WORK TO COMPLETE ::
Reproduce all of the data exactly. Images are not to appear in the reply.

RECORDED INFORMATION ::

----------

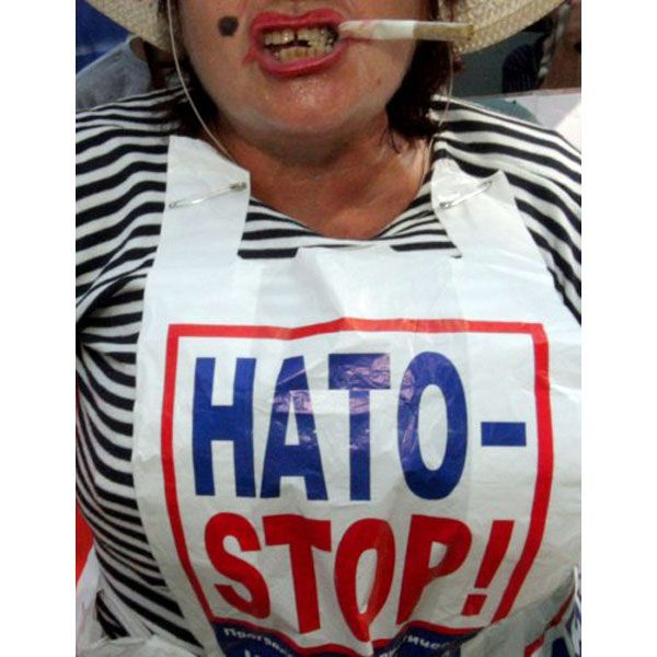 Прибічниця ПСПУ із написом ”НАТО-STOP!” на грудях та цигаркою в роті під час акції протесту проти проведення ”Сі Бриз – 2010” та проти вступу України до НАТО в Одесі / © УНІАН
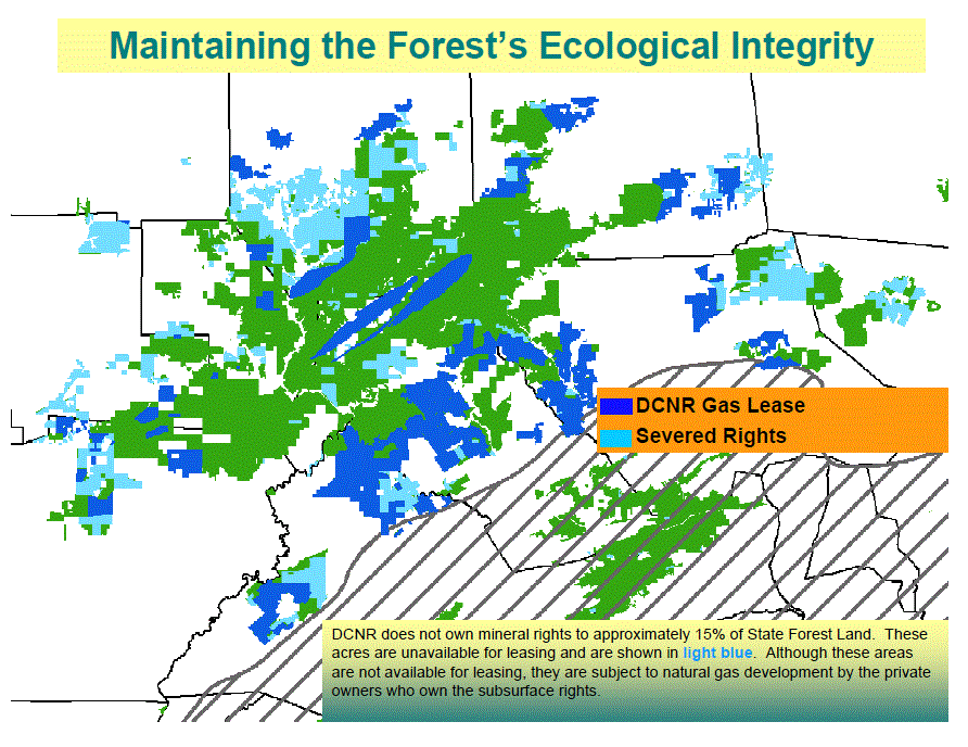 According to a DCNR powerpoint: Impacts of Leasing Additional State Forest for Natural Gas Development, approximately 700,000 acres of state forest land have been leased or severed. Severed lands are not available to leasing by DCNR, these are areas which are held by private owners who own the subsurface rights. See maps below.
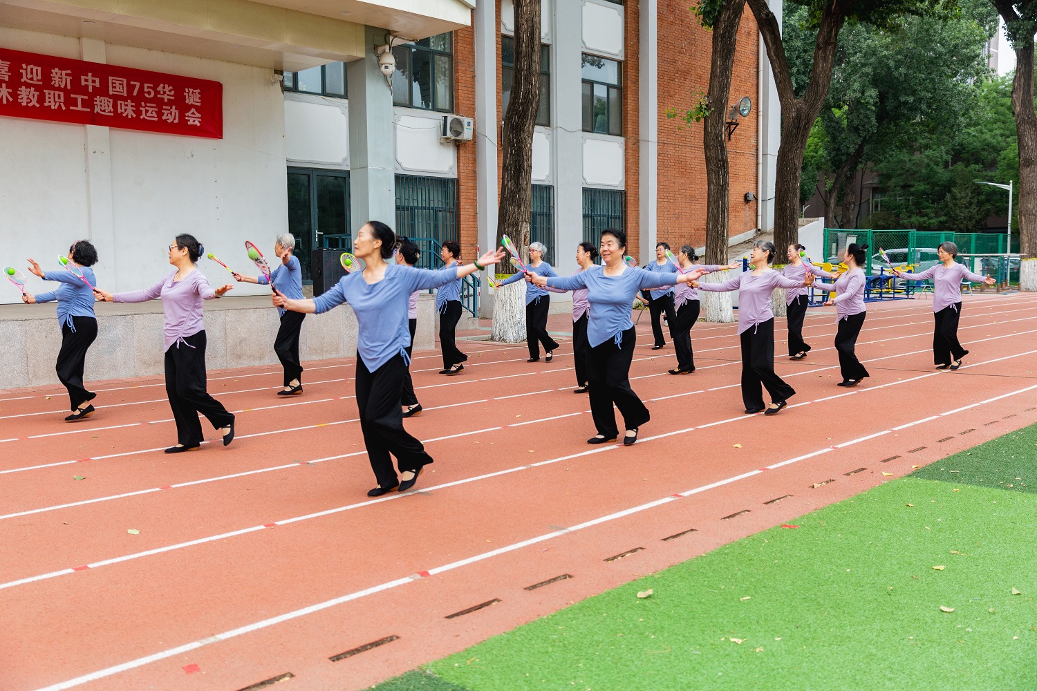 本次活動以“悅動夕陽,樂享健康,喜迎新中國75華誕”為主題,“金色年華向祖國,銀發會聚助母校”“團結奮進‘雙一流’,銀齡聚力譜新篇”“運動讓生活更美好,友誼讓晚年更精彩”標語表達了老同志們的心聲。整場活動歡聲笑語,熱鬧非凡,三百余名老同志們精神抖擻,積極參與各項活動。
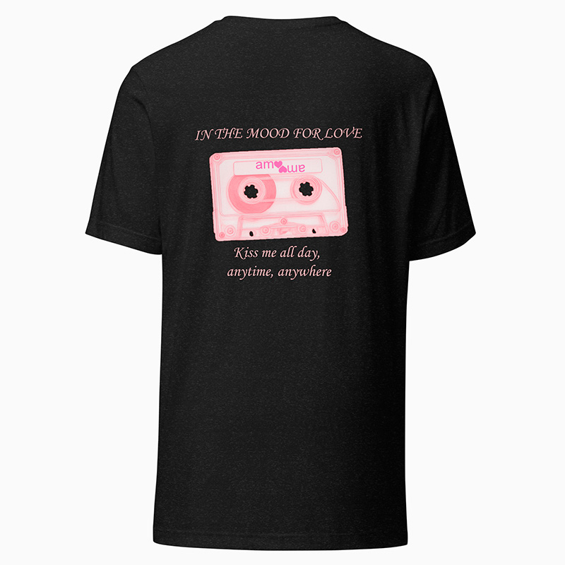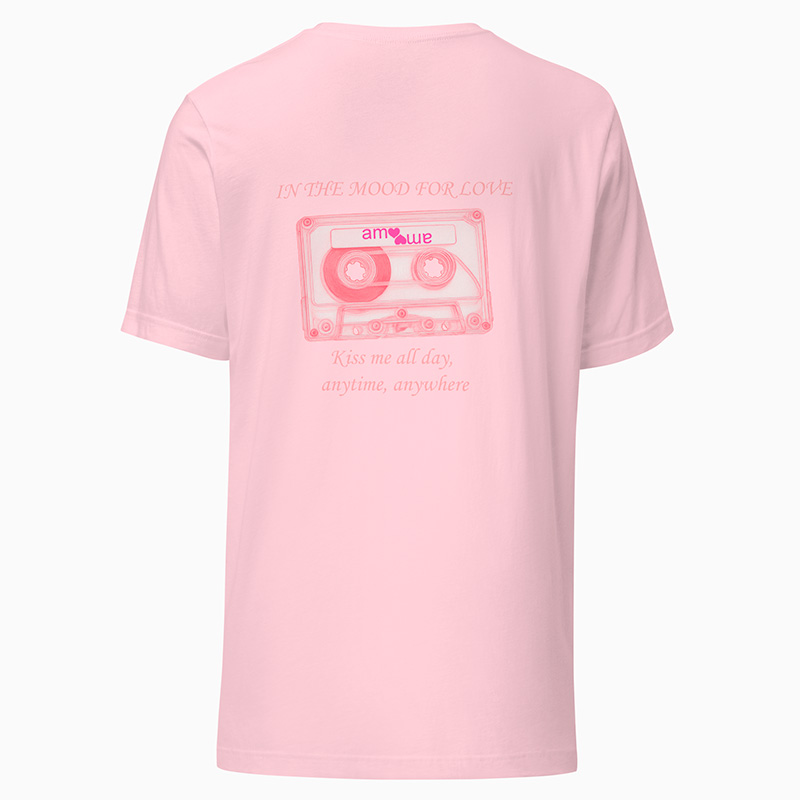 La camiseta In the Mood for Love presenta un diseño con una cinta de cassette rosa y el texto “Kiss me all day, anytime, anywhere”, un guiño al amor sin horarios y a los recuerdos de otra época.

----------

TASK OUTPUT ::
 Прибічниця ПСПУ із написом ”НАТО-STOP!” на грудях та цигаркою в роті під час акції протесту проти проведення ”Сі Бриз – 2010” та проти вступу України до НАТО в Одесі / © УНІАН
 According to a DCNR powerpoint: Impacts of Leasing Additional State Forest for Natural Gas Development, approximately 700,000 acres of state forest land have been leased or severed. Severed lands are not available to leasing by DCNR, these are areas which are held by private owners who own the subsurface rights. See maps below.
 本次活動以“悅動夕陽,樂享健康,喜迎新中國75華誕”為主題,“金色年華向祖國,銀發會聚助母校”“團結奮進‘雙一流’,銀齡聚力譜新篇”“運動讓生活更美好,友誼讓晚年更精彩”標語表達了老同志們的心聲。整場活動歡聲笑語,熱鬧非凡,三百余名老同志們精神抖擻,積極參與各項活動。
 La camiseta In the Mood for Love presenta un diseño con una cinta de cassette rosa y el texto “Kiss me all day, anytime, anywhere”, un guiño al amor sin horarios y a los recuerdos de otra época.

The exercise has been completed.